> _EXERCISE DIRECTIONS_:
Only the lines below from the one containing "瑞士SWISSPEARL公司" through the one containing "anime, flat colors, crayon" belong in the answer, repeated exactly and without pictures.

> _GIVEN RECORDS_:
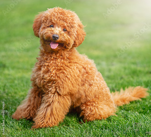 A small red curly dog ​​sits on a green lawn during a walk in the summer
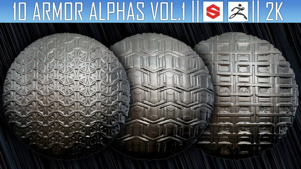 10 Armor Alphas Vol.1 (ZBrush, Substance, 2K)
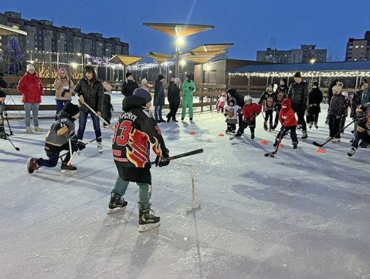 На празднике юные фигуристы и хоккеисты, воспитанники спортшколы №1, продемонстрировали на уличном катке «Железный лёд» свои умения и помогли малышам освоить катание на коньках.
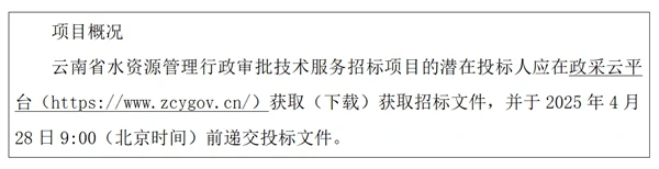 采购需求:云南省水资源管理行政审批技术服务采购,随着省管取用水单位数量的增多和具体取水项目类型的多样化,以及工程建设影响水文站监测事项的增多,相关的论证报告、现场核验等工作的技术评估越来越需要具有资质和经验的技术单位和专家进行把关,提出技术评审意见,明确是否满足批准条件,以更好地推进全省水资源管理工作。本项目不划分标段。
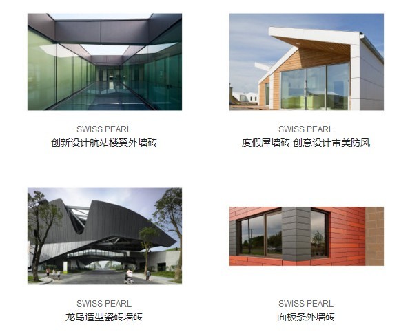 瑞士SWISSPEARL公司的优质、高端建筑物的立面系统是欧洲的最主要制造商。多年来,Swisspearl一直致力于开发创新和可持续的产品,由天然材料制成,以创新和专业技能去完成,充分注重美学、质量,对人和环境有很强的责任感。
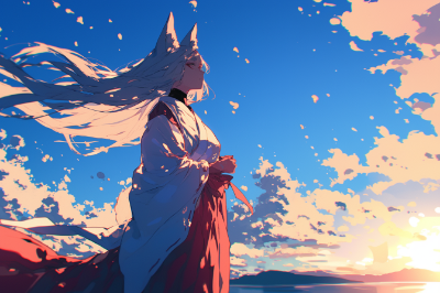 anime, flat colors, crayon drawing, cinematic lighting, magic hour, vast sky, falling, floating feet, in the sky, killer queen, beautiful cool dark-skinned girl, white japanese miko clothes, silk texture, black neck undershirt, white hair, fox ears, thick eyebrows, magnificent scene, blur, blur, blur,
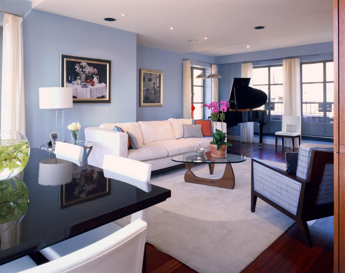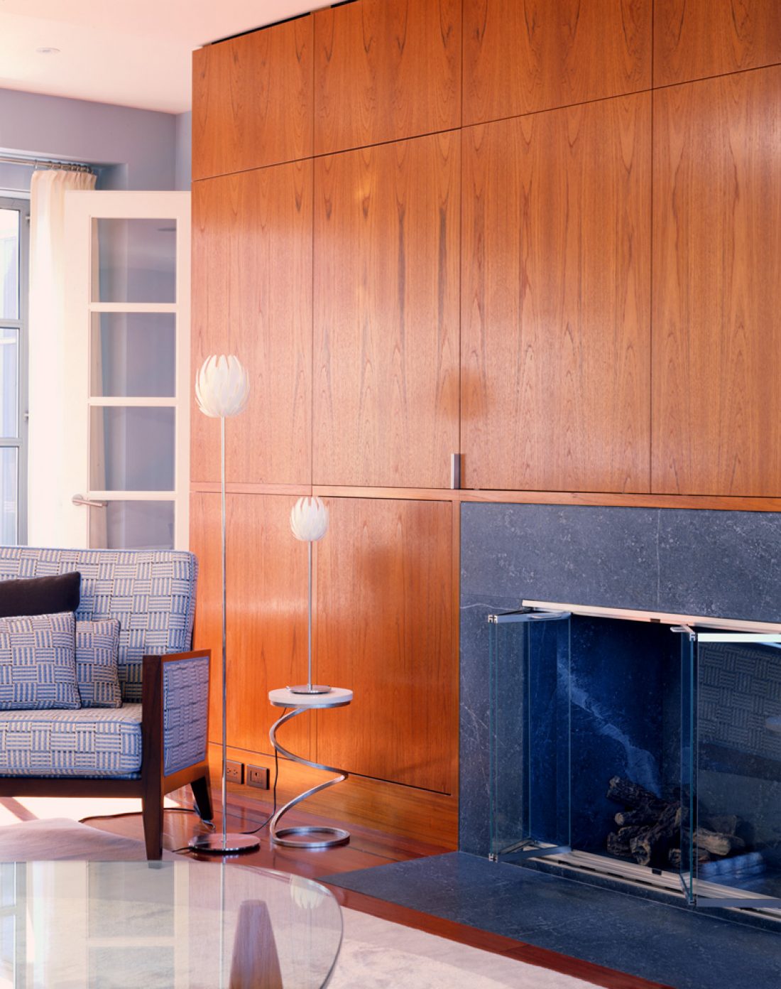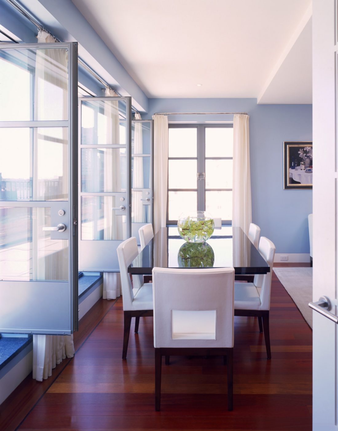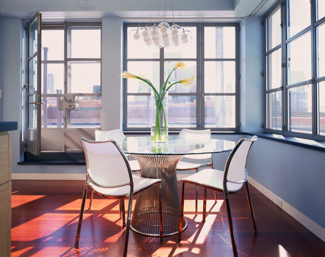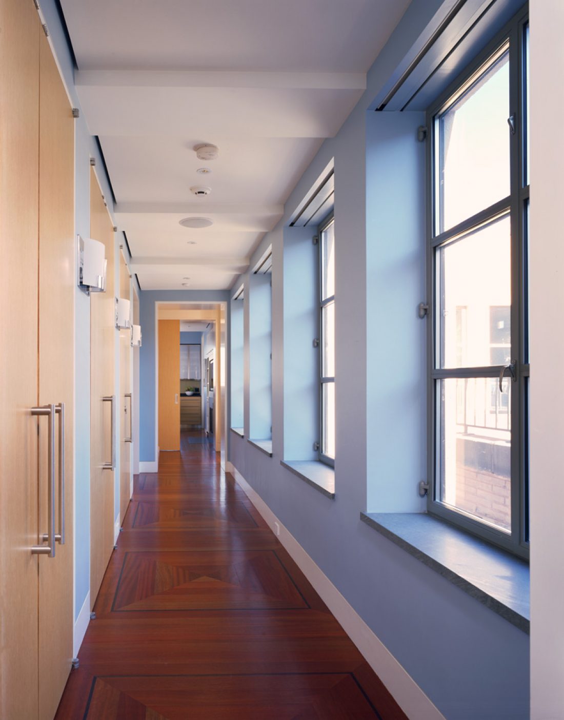 Two outdated penthouses were joined to make this spectacular apartment overlooking the Hudson River. A sequence of steel casement windows creates an elegant connection between the two apartments which spanned the entire East/West length of the building.

> _RESPONSE BELOW_:
 瑞士SWISSPEARL公司的优质、高端建筑物的立面系统是欧洲的最主要制造商。多年来,Swisspearl一直致力于开发创新和可持续的产品,由天然材料制成,以创新和专业技能去完成,充分注重美学、质量,对人和环境有很强的责任感。
 anime, flat colors, crayon drawing, cinematic lighting, magic hour, vast sky, falling, floating feet, in the sky, killer queen, beautiful cool dark-skinned girl, white japanese miko clothes, silk texture, black neck undershirt, white hair, fox ears, thick eyebrows, magnificent scene, blur, blur, blur,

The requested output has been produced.